EXERCISE OBJECTIVE
Leaving out all pictures, copy the lines below exactly, from the line with "However, this string" to the last line, both ends included.

RECORDS FOR THE EXERCISE
# # # # # # #
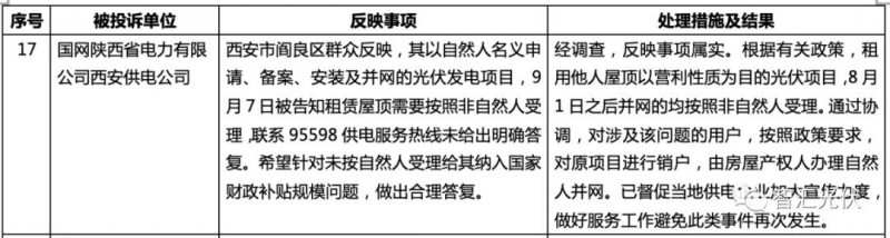 通報(bào)顯示:西安市閻良區(qū)群眾反映,其以自然人名義申請(qǐng)、備案、安裝及并網(wǎng)的光伏發(fā)電項(xiàng)目,9月7日被告知租賃屋頂需要按照非自然人受理,聯(lián)系95598供電服務(wù)熱線未給出明確答復(fù)。希望針對(duì)未按自然人受理給其納入國家財(cái)政補(bǔ)貼規(guī)模問題,做出合理答復(fù)。
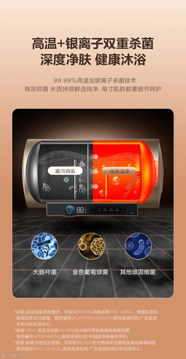 对于家里有老人的家庭来说,他们皮肤比较敏感,普通洗澡水中的杂质、余氯、细菌等可能会造成他们皮肤瘙痒、过敏等。因此选购一台有抑菌功能的电热水器,高温加银离子双重杀菌技术,可以杀灭99.99%病毒细菌,保持水质持续鲜活纯净,让全家人安心沐浴,保障每个家庭成员的身体健康。
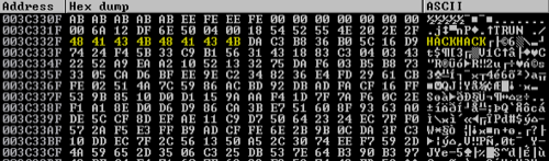 However, this string was not our egg, as only a single 4 byte string was identifiedThe egghunter then continues looping through to discover another instance, which looks more promising
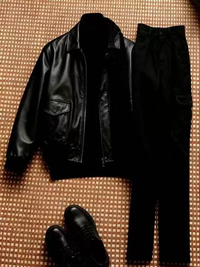 全黑不是一身黑就能高级。皮夹克选哑光羊皮,围巾换粗针织炭黑,纹理对比出来了,脸被衬得发光。裤子选微锥牛仔,黑色里带一点灰纱线,走动时隐约反光,女生才会多看一眼。
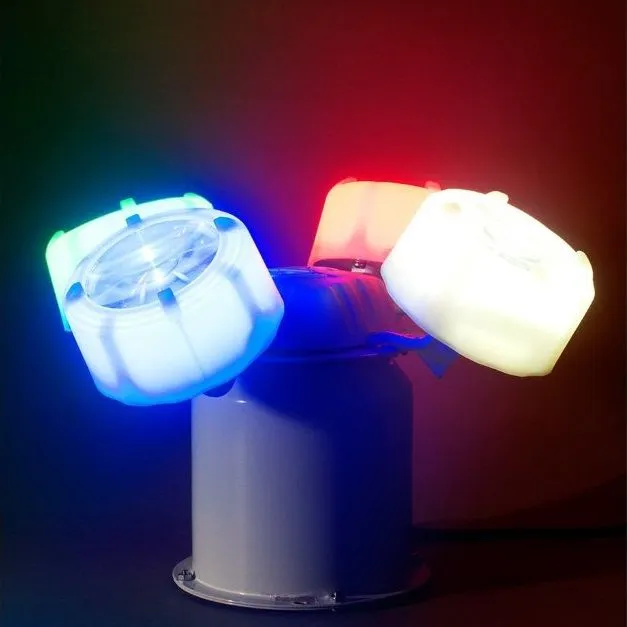 American DJ Rotobeam 4 Спецэффект 4-головочный «вертолетный» с непрерывным вращением на 360˚. Вращение лучей и стробоскопический эффект в такт музыке, 4 x светодиода (1 красный, 1 зеленый, 1 синий и 1 белый) мощностью 3 Вт каждый , Работает всю ночь – нет ограничений на продолжительность включения, Совместимость с ИК-пультом дистанционного управления ADJ UC-IR (продается отдельно) Режим ожидания (Затемнение), Полное включение, Выбор цвета, Стробоскопический эффект, Звук и Регулировка яркости, Автопрограммы с различными цветовыми рисунками (не выбираются пользователями), Скорость вращения: переменная, Включает одиночную вилку для монтажа на стене или ферме, Работа с разными напряжениями: 100-240 В пер. т, 50/60 Гц (автоопределение), Потребляемая мощность: 19 Вт, Габариты (ДxШxВ): 223 x 223 x 230 мм. Масса: 3 кг.
# # # # # # #
RESPONSE TO THIS EXERCISE
 However, this string was not our egg, as only a single 4 byte string was identifiedThe egghunter then continues looping through to discover another instance, which looks more promising
 全黑不是一身黑就能高级。皮夹克选哑光羊皮,围巾换粗针织炭黑,纹理对比出来了,脸被衬得发光。裤子选微锥牛仔,黑色里带一点灰纱线,走动时隐约反光,女生才会多看一眼。
 American DJ Rotobeam 4 Спецэффект 4-головочный «вертолетный» с непрерывным вращением на 360˚. Вращение лучей и стробоскопический эффект в такт музыке, 4 x светодиода (1 красный, 1 зеленый, 1 синий и 1 белый) мощностью 3 Вт каждый , Работает всю ночь – нет ограничений на продолжительность включения, Совместимость с ИК-пультом дистанционного управления ADJ UC-IR (продается отдельно) Режим ожидания (Затемнение), Полное включение, Выбор цвета, Стробоскопический эффект, Звук и Регулировка яркости, Автопрограммы с различными цветовыми рисунками (не выбираются пользователями), Скорость вращения: переменная, Включает одиночную вилку для монтажа на стене или ферме, Работа с разными напряжениями: 100-240 В пер. т, 50/60 Гц (автоопределение), Потребляемая мощность: 19 Вт, Габариты (ДxШxВ): 223 x 223 x 230 мм. Масса: 3 кг.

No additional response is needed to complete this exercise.